In the book of Exodus, we see God at work redeeming His people from the slavery of Egypt. Exodus 14:30-31 reads: "Thus the Lord saved Israel that day from the hand of the Egyptians, and Israel saw the Egyptians dead on the seashore. 31 Israel saw the great power that the Lord used against the Egyptians, so the people feared the Lord, and they believed in the Lord and in his servant Moses."

Israel saw the redeeming work of the Lord and believed in Him. How much more have we seen of the redeeming work of God? Daniel in the lion's den; Shadrach, Meshach, and Abednego in the fiery furnace; and Israel's return from exile all point to the redeeming hand of God. But the greatest work of redemption was the death of Christ on the cross.

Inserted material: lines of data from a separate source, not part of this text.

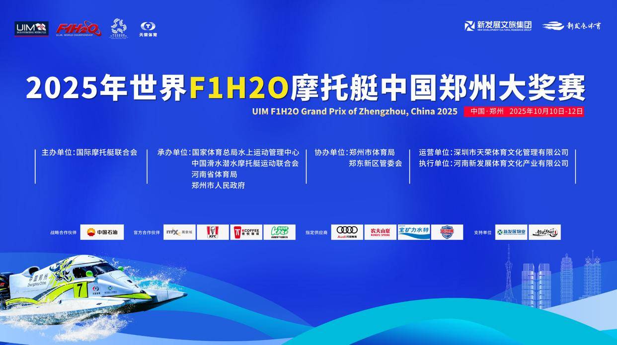 2025年F1H2O郑州大奖赛由国际摩托艇联合会主办,国家体育总局水上运动管理中心、中国滑水潜水摩托艇运动联合会、河南省体育局、郑州市人民政府联合承办,郑州市体育局、郑东新区管理委员会协办,深圳市天荣体育文化管理有限公司运营,河南新发展体育文化产业有限公司执行,将持续到10月12日。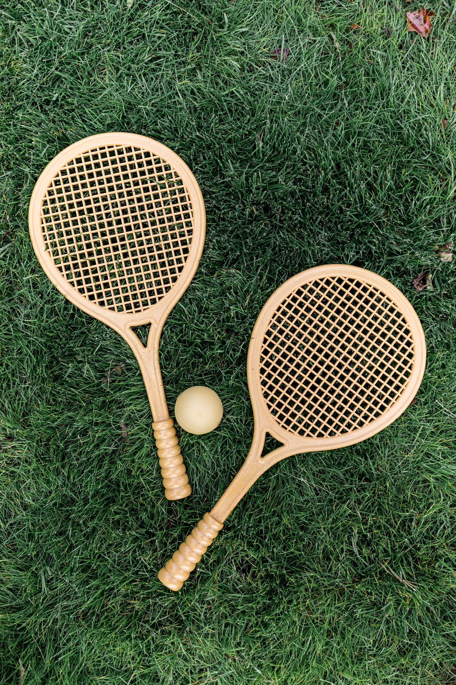 Découvrez le kit de tennis de jardin par Liewood, il est composé de 2 balles en caoutchouc et de 2 raquettes.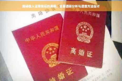 摘要:本文将揭示收入证明背后的真相,通过全面的调研分析,探讨收入证明的调查方法和注意事项。文章将介绍如何核实收入证明的真实性,包括从哪些渠道获取有效信息、如何分析数据的真实性和可信度等方面。通过本文的阐述,读者可以更好地了解收入证明的重要性及其背后的真相,从而做出更加明智的决策。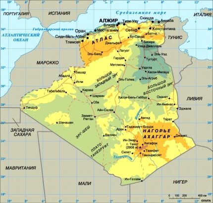 Столица Алжирской Народной демократической Республики – Алжир. Население – 32,82 млн. человек (2003). Плотность населения – 12 человек на 1 кв. км. Городское население составляет 56%, сельское – 44%. Площадь – 2381,74 тыс. кв. км. Самая высокая точка – гора Тахат (2908 м), самая низкая озеро Мельгир (-40 м). Основные языки: арабский (государственный), французский. Государственная религия – ислам. Административно-территориальное деление: 48 вилай (провинций). Денежная единица: динар = 100 сантимам. Национальный праздник: Годовщина революции – 1 ноября. Государственный гимн: «Мы клянемся...»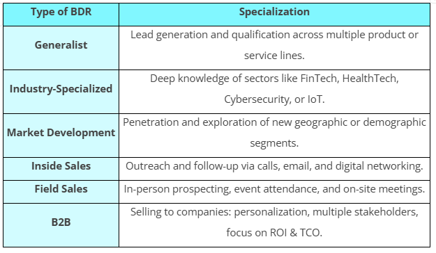 Beyond account size, BDRs can also be classified by how and where they operate. Understanding these specializations helps you design the right mix for your tech services sales team.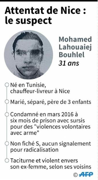 Lahouaiej-Bouhlel, père de famille de 31 ans, est décrit par ses voisins à Nice comme n'ayant aucune pratique religieuse affichée, taciturne, violent notamment envers son ex-femme, voire comme un déséquilibré.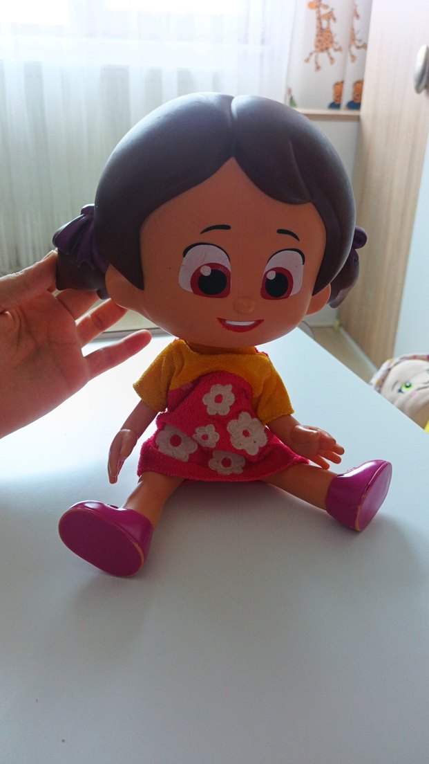Sarı üst ve beyaz çiçekli kırmızı etekli, mor ayakkabılı, saçları iki yandan topuzlu renkli oyuncak bebek.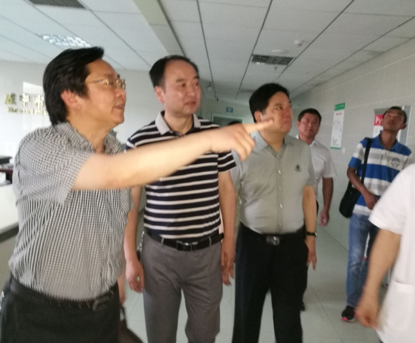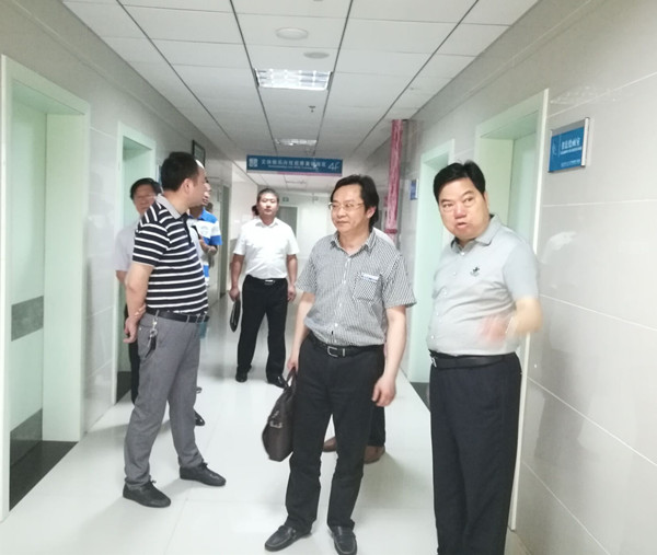 上图:李建国书记(左二)、余丙清主任(左三)在黎群武院长陪同下察看心理科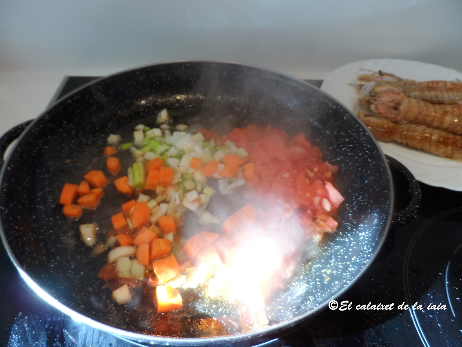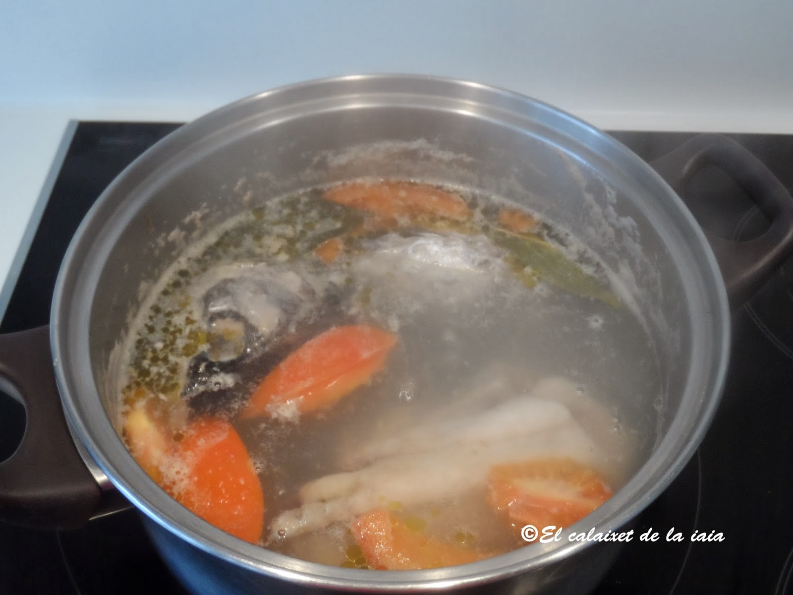 Si no tenemos fondo de pescado, habrá que hacer uno. Podemos hacerlo con caldo de moralla, como podéis ver aquí http://calaixetdelaiaia.blogspot.com.es/2014/03/caldo-de-morralla-fondo-de-pescado.html,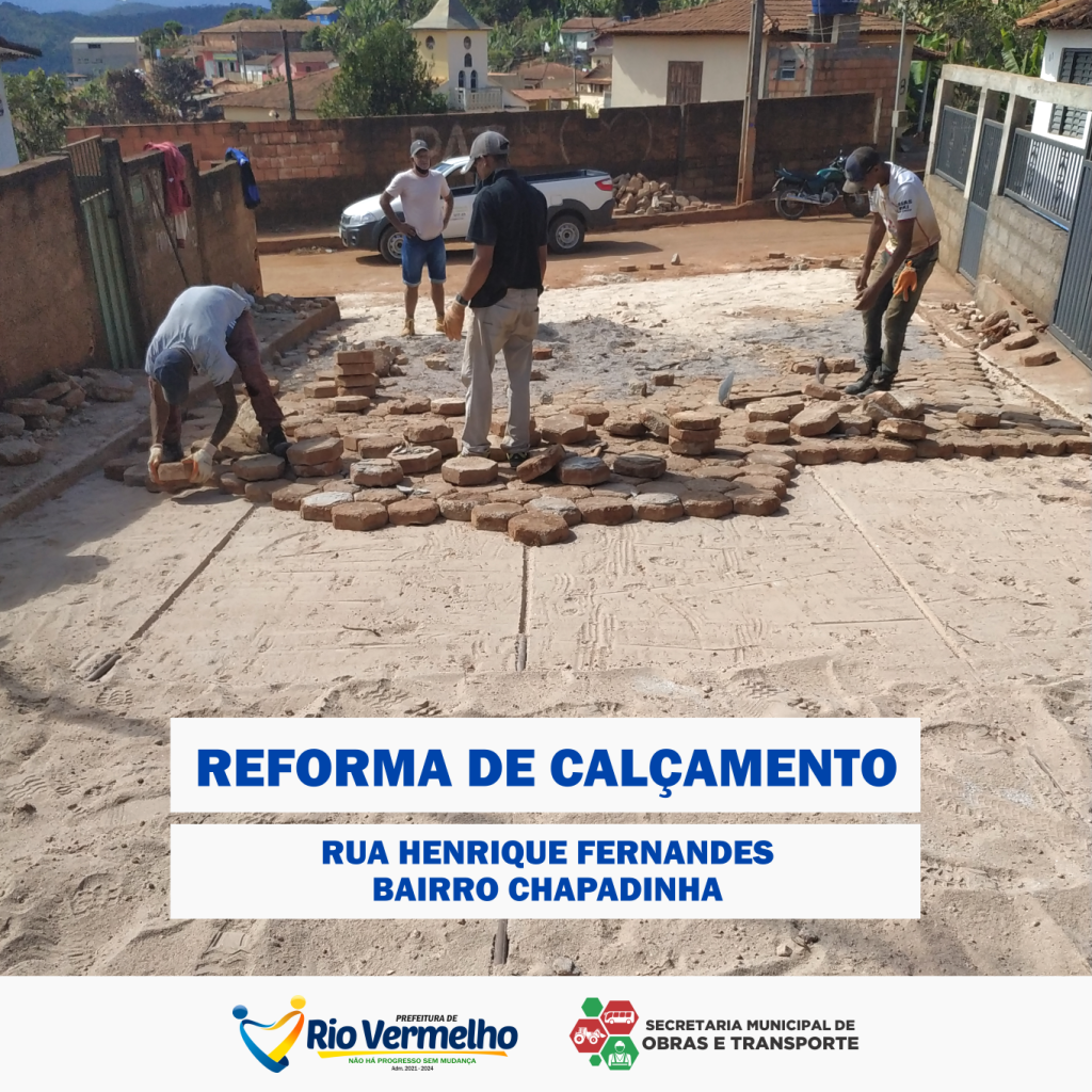 Durante esta semana, a Prefeitura de Rio Vermelho, por meio da Secretaria Municipal de Obras e Transporte, está realizando a reforma do calçamento da Rua Henrique Fernandes, no Bairro Chapadinha. O antigo calçamento está sendo totalmente refeito, após a retirada dos blocos e nivelamento da via.

And so we have hope. If God has redeemed His people from the beginning of time, then we can believe that He will not forsake us if we only trust in Him. Don't be mislead to think that your redemption was an afterthought. God loves you and He has been planning to redeem you from your sin from the very beginning. Trust in Him and you will never be disappointed.

Thursday, October 2, 2008

A Contagious Zeal

The Psalmist wrote: "For zeal for your house has consumed me" (Psalms 69:9). The disciples remembered this verse as they saw Jesus' response to the profiteering that had taken the place of worship in the temple (John 2:13-22). What they saw that day was a holy zeal for the work of the Father.

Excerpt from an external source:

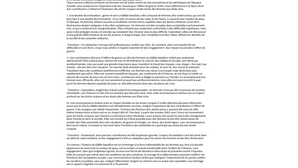La Seconde Guerre mondiale a impliqué de nombreuses femmes dans des rôles essentiels, mais une partie de leur contribution est restée largement ignorée. C'est le cas des femmes afro-américaines du 6888e bataillon, qui ont joué un rôle clé dans le tri et la distribution du courrier aux soldats en Europe, malgré les nombreuses discriminations auxquelles elles ont dû faire face. Leur travail, vital pour le moral des troupes, a été un défi de taille, car elles étaient confrontées à la fois aux inégalités de genre et aux préjugés raciaux. En quoi l'engagement des femmes du 6888e bataillon révèle-t-il les inégalités raciales et de genre et quel impact a-t-il eu sur les droits civiques et des femmes aux États-Unis ? Nous verrons d’abord comment ces femmes ont dû lutter contre les discriminations et les stéréotypes de l’époque. Ensuite, nous analyserons l’importance de leur travail pour l’effort de guerre. Enfin, nous réfléchirons à la façon dont leur contribution a influencé l’évolution des droits civiques et des droits des femmes aux États-Unis. I. Une double discrimination : genre et race Le 6888e bataillon a été composé de femmes afro-américaines, qui ont dû faire face à une double discrimination : d’un côté, en raison de leur sexe, et de l’autre, à cause de leur couleur de peau. À l’époque, les femmes étaient souvent considérées comme moins capables dans les tâches militaires, et les Afro-Américaines étaient reléguées à des rôles subalternes. Ces femmes ont été envoyées dans un bataillon exclusivement noir, ce qui a renforcé leur marginalisation. Elles n’étaient pas seulement confrontées à des difficultés logistiques, mais aussi à des préjugés raciaux et sexistes qui rendaient leur mission encore plus difficile. Cependant, elles ont fait preuve d’une grande détermination et ont dû prouver, à chaque étape, leur compétence et leur valeur, défiant les attentes de la société et des autorités militaires. Transition : Ces obstacles n’ont pas été suffisants pour arrêter leur élan. Au contraire, elles ont transformé ces difficultés en une force, ce qui nous amène à l’aspect essentiel de leur engagement : leur travail crucial dans l’effort de guerre. II. Une contribution décisive à l’effort de guerre Le rôle des femmes du 6888e bataillon n’était pas seulement administratif. Elles avaient pour mission de trier et de distribuer le courrier des soldats en Europe, une tâche qui semblait banale, mais qui avait une grande importance pour maintenir le moral des troupes. Leur slogan « No mail, low morale » résume bien leur situation. Le courrier était essentiel pour les soldats, et sans lui, leur moral en pâtissait. Travaillant dans des conditions extrêmement difficiles, ces femmes ont réussi à accomplir cette tâche bien plus rapidement que prévu. Elles ont souvent travaillé en équipes, par roulements de 24 heures, et ont réussi à traiter un volume de courrier de deux ans en trois mois, contribuant ainsi à alléger la pression sur l’armée. En accomplissant leur mission avec efficacité, elles ont non seulement prouvé leur professionnalisme, mais elles ont aussi montré à quel point les femmes étaient capables de jouer un rôle déterminant dans des situations de crise. Transition : Cependant, malgré leur travail acharné et indispensable, ces femmes n’ont pas été reconnues de manière immédiate. Leur histoire n’a été mise en lumière que bien plus tard, mais cette reconnaissance tardive a eu un impact profond sur les droits civiques et les droits des femmes aux États-Unis.III. Une reconnaissance tardive mais un impact durable sur les droits civiques Il a fallu attendre plusieurs décennies avant que le rôle du 6888e bataillon soit véritablement reconnu, malgré l’importance de leur contribution à l’effort de guerre. Cela souligne une réalité importante : l’histoire des femmes afro-américaines a souvent été mise de côté, même lorsque leurs actions ont eu un impact décisif. Pourtant, à partir des années 1960, avec l’essor du mouvement pour les droits civiques, leur histoire a commencé à être réévaluée. Leurs actions ont ouvert la voie à des changements dans l’armée et dans la société. Elles ont montré qu’il était possible pour des femmes et des Afro-Américaines de remplir des rôles essentiels dans des situations de guerre et d’exiger, en retour, des droits égaux. Leur reconnaissance, bien qu’en retard, a marqué un tournant dans l’évolution des mentalités et a participé aux avancées des droits civiques. Transition : Finalement, bien que leur contribution ait été longtemps ignorée, l’impact du bataillon s’est fait sentir bien au-delà du cadre militaire, et leur engagement a été un catalyseur pour les droits des femmes et des Afro-Américains. En somme, l’histoire du 6888e bataillon est un hommage à la force indomptable de ces femmes qui, face à la double oppression du sexe et de la couleur de peau, ont accompli un travail inestimable dans l’ombre de l’Histoire. Leur engagement, bien que longtemps ignoré, incarne une forme de résistance silencieuse et puissante contre l'injustice. Elles ont prouvé que même dans les conditions les plus extrêmes, le courage et la détermination peuvent redéfinir les frontières de l’acceptation sociale. Leur reconnaissance tardive ne fait que souligner l'importance de ne jamais oublier les sacrifices invisibles, ceux qui, malgré l'effacement, forgent un chemin vers un avenir plus équitable. Leur héritage est un appel à l’égalité, à la mémoire et à l’humanité.

Sadly, we rarely see the level of passion and zeal in the church today. I emphasize in the church today, because we see plenty of zeal for other things. People are zealous about their sports teams, zealous about making money, and even zealous about hobbies, but when it comes to the work of the Lord, we are often bland--a mere flicker of light in a dark world.

I believe it was D.L. Moody who told preachers: "Set yourself on fire, and the world will come to watch you burn." What great advice for all believers. Passion is contagious. Live for Jesus with a passion and a zeal and you will be sure to attract others.

This week, let me encourage you to examine your life for areas where you can be more passionate for the Lord.